What Moira Kaplan had said at the crowded opening of the summer theater had immediately become a cliché: that the tourists
should send their money and just stay home. It had even become a kind of code. Martin had been stopped in his progress along
the Carriage Street sidewalk one summer morning on his way to the post office by a group of tourists who had paused to observe
the buildings across the way. One of the women seemed particularly indignant, gesturing with a sweep of her arm to include
the entire street and the casually dressed natives. “We have reservations for three nights,” she complained. “I
did
think it would be a little more gentrified!” An acquaintance of Martin’s, making his way around the group by stepping into
the street, caught Martin’s eye and said under his breath, “Go home now and leave a check.” And he and Martin acknowledged
each other with a brief nod before they passed by and went on their way.

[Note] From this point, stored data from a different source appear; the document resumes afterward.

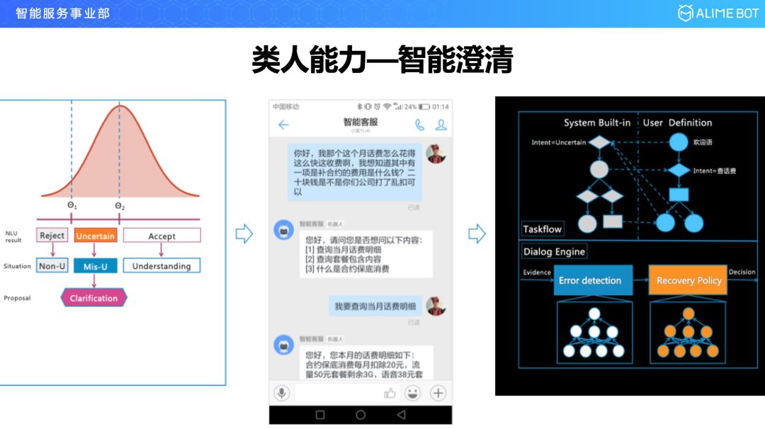 第二个我们看一下澄清,用户说的一句话里面,如果是模糊不清的怎么办?我们通过大量的数据分析发现这种模糊不清主要出现在两种情况下,一种是用户把多个意图杂糅在一段话里来表达;第二种是用户在表达一个意图之前做了很长的铺垫,对于这两种长句子现在的语言理解给出的是意图的概率分布,我们把这个概率分布放到对话管理模块以后就需要让用户进行一轮澄清。比如这个例子,这是移动领域的一个例子,这句话理解有三种意图,到底是想问花费明细,还是套餐的事情还是想问合约的低保,把这三个问题抛给用户进行澄清就可以了。
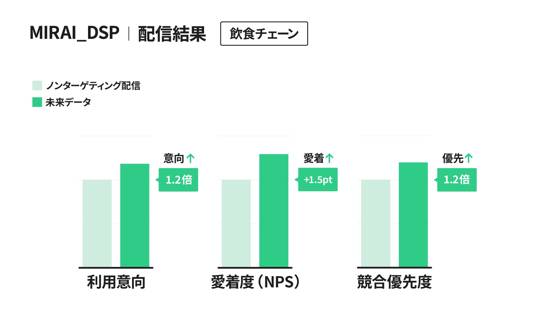 ノンターゲティング配信と比べ、利用意向や競合優先度が1.2倍。NPSで測定した愛着度は1.5ポイント向上。
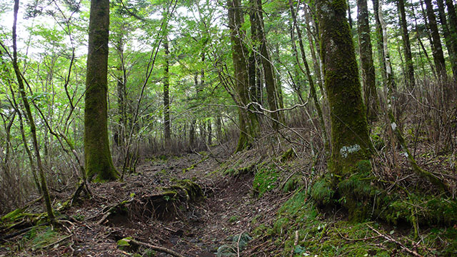 暫くは樹林帯の中の道が続く
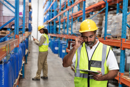 Male worker talking on mobile phone in warehouse
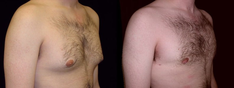 This 22-year-old man is 6′ and160lbs, suffering from adolescent gynecomastia. Prior to surgery, he was never able to comfortably expose his chest due to extreme embarrassment. He underwent glandular excision and suction-assisted lipectomy. His goal was “to have a normal-looking chest.
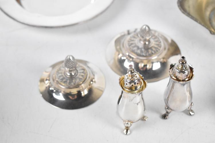 Lot 2240 of 2131: A grouping of silver plate including tureen and cover, swing handled pedestal basket, hot water pot, etc.
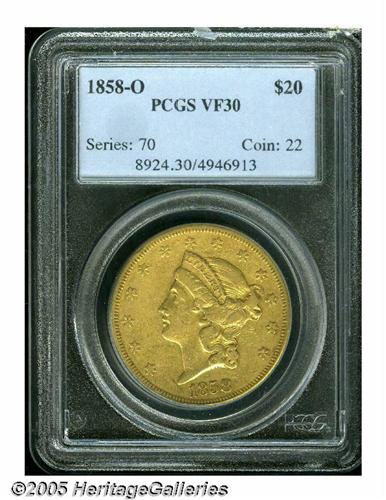 1858-O $20 VF30 PCGS. This is a rare issue, with
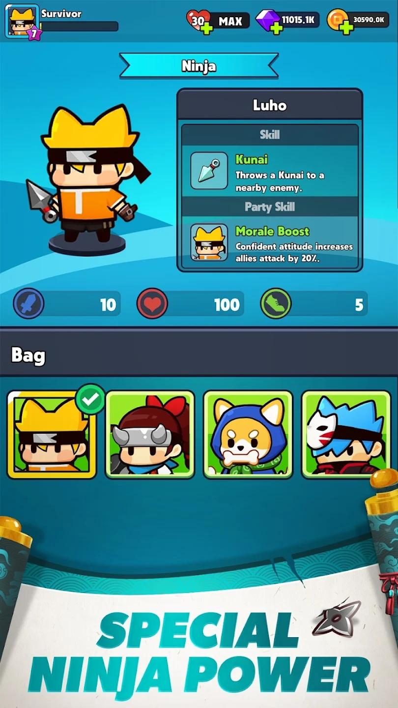 忍者幸存者游戏下载是一款非常紧张刺激的冒险战斗生存游戏,玩家在游戏中可以自由选择自己喜欢的角色,在满是怪物的世界中战斗升级,获取更加强大的装备和技能,消灭周围的怪物生存下去。
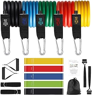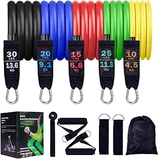 IGCXJ Resistance Bands Widerstandsband Set, 11 Teiliges Übungswiderstandsbänder Fitnessbänder Stapelbar bis zu 100lbs mit Türanker, Griffen, Fußschlaufen, für Fitness, Physiotherapie, Yoga, Heim : Amazon.de: Sport & Freizeit Stapelbare Widerstandsbänder - Diese 5 stapelbaren fitnessband mit griff haben unterschiedliche Stufen: Gelb (10 lb), Grün (15 lb), Rot (20 lb), Blau (25 lb), Schwarz (30 lb). Es ist ideal zur Verbesserung von Kraft und Beweglichkeit. Alle Übungsbänder haben eine Länge von 120 cm / 47,24 Zoll. Sie können allein oder in Kombination mit Stärken von 10 bis 100 Pfund verwendet werden.
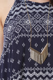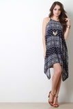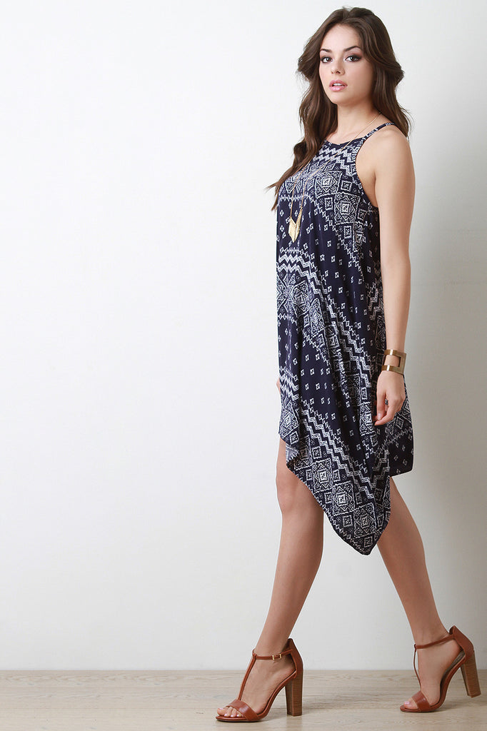 This midi dress features bandana print, sleeveless construction, relaxed fit, and handkerchief hemline. Accessories sold separately. Made in U.S.A. 100% Rayon.
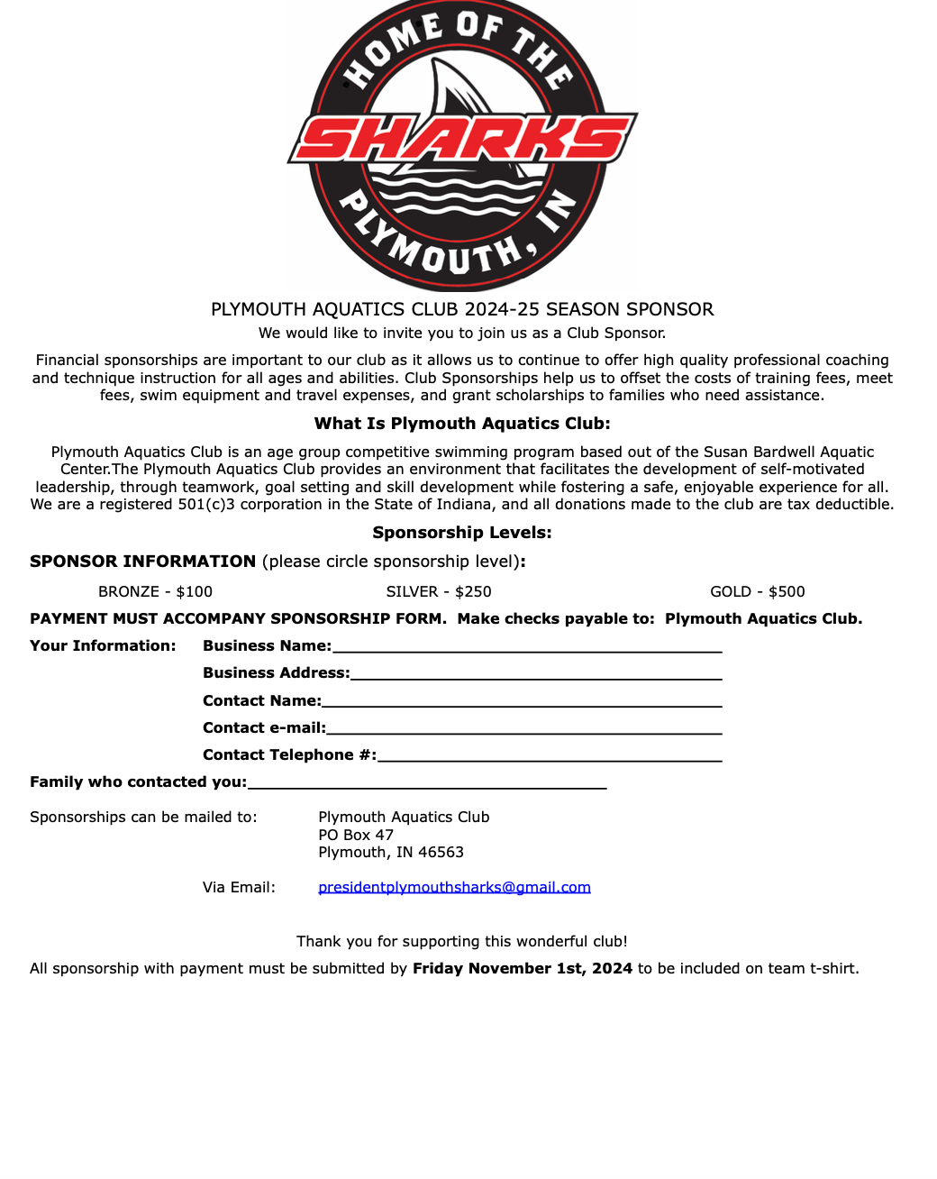 Throughout the year, our club will host Sharkfest (our invitational swim meet and one of our largest team fundraisers) As the host for this event, it is our responsibility to provide participating athletes and their families with a positive experience. To accomplish this, we would like to be able to highlight local businesses that may serve their needs. WHO ARE THE SHARKS?

On the other hand, it is a lucrative business, tourism, and it is sometimes quite heady to be securely established in a place
where so many people want to be. Even the teenagers in town are casual and carefully unimpressed when Christopher Reeve or
Paul Newman comes into the deli to pick up a sandwich.
“And what’s the name on that prescription, please?” said Jennie Abrams, who works part time at the Carriage Street Pharmacy,
when she looked up and was confronted with Mary Tyler Moore across the counter.
The Board of Trade had erected a modest-sized sign at the entrance to Carriage Street, the one-street shopping area, that
said:
As it turned out, though, almost no one was pleased with the sign once it was up; it was so clearly ostentatious.
Whenever anything at all went wrong—when the outlying routes became impassable in the spring thaw, when grocery shoppers faced
one another over the winter produce in the supermarket and inspected the trammeled-looking lettuce—the residents would look
at each other and say, “Oh, well. After all, this
is
the jewel of the Berkshires,” with a wry shrug. Like any other place that engenders affection, it also inspires a kind of
proprietary contempt.
A certain amount of town-gown tension exists, although generally civility rules. West Bradford is blessed with a relative
lack of cliques and no prevailing social order, partly because of the interdependency of the inhabitants. When Mike Detweiler,
general groundskeeper to most of the wealthy homeowners in town, sent invitations to a slide show and narrative of his most
recent trip to Malaysia, where he studied tropical plants, not one of his customers cared to offend him in order to attend
the performance of the Empire Brass Quintet or to hear Richard Wilbur read his poetry—both events having been scheduled at
the college that same evening.
No one would deny that there is room for improvement in West Bradford. Because of the sudden upsurge in real estate prices
and the popularity of West Bradford as a “second home” community, very few mid-to-lower income families or new faculty are
able to buy houses at all. The town is primarily a community of white families, and the college and the Medical Alliance often
have a hard time keeping single or minority faculty or doctors. The rate of teenaged suicide—too high at any number—is above
average in West Bradford, and drug use is a problem, although it is quickly being surpassed by alcohol abuse.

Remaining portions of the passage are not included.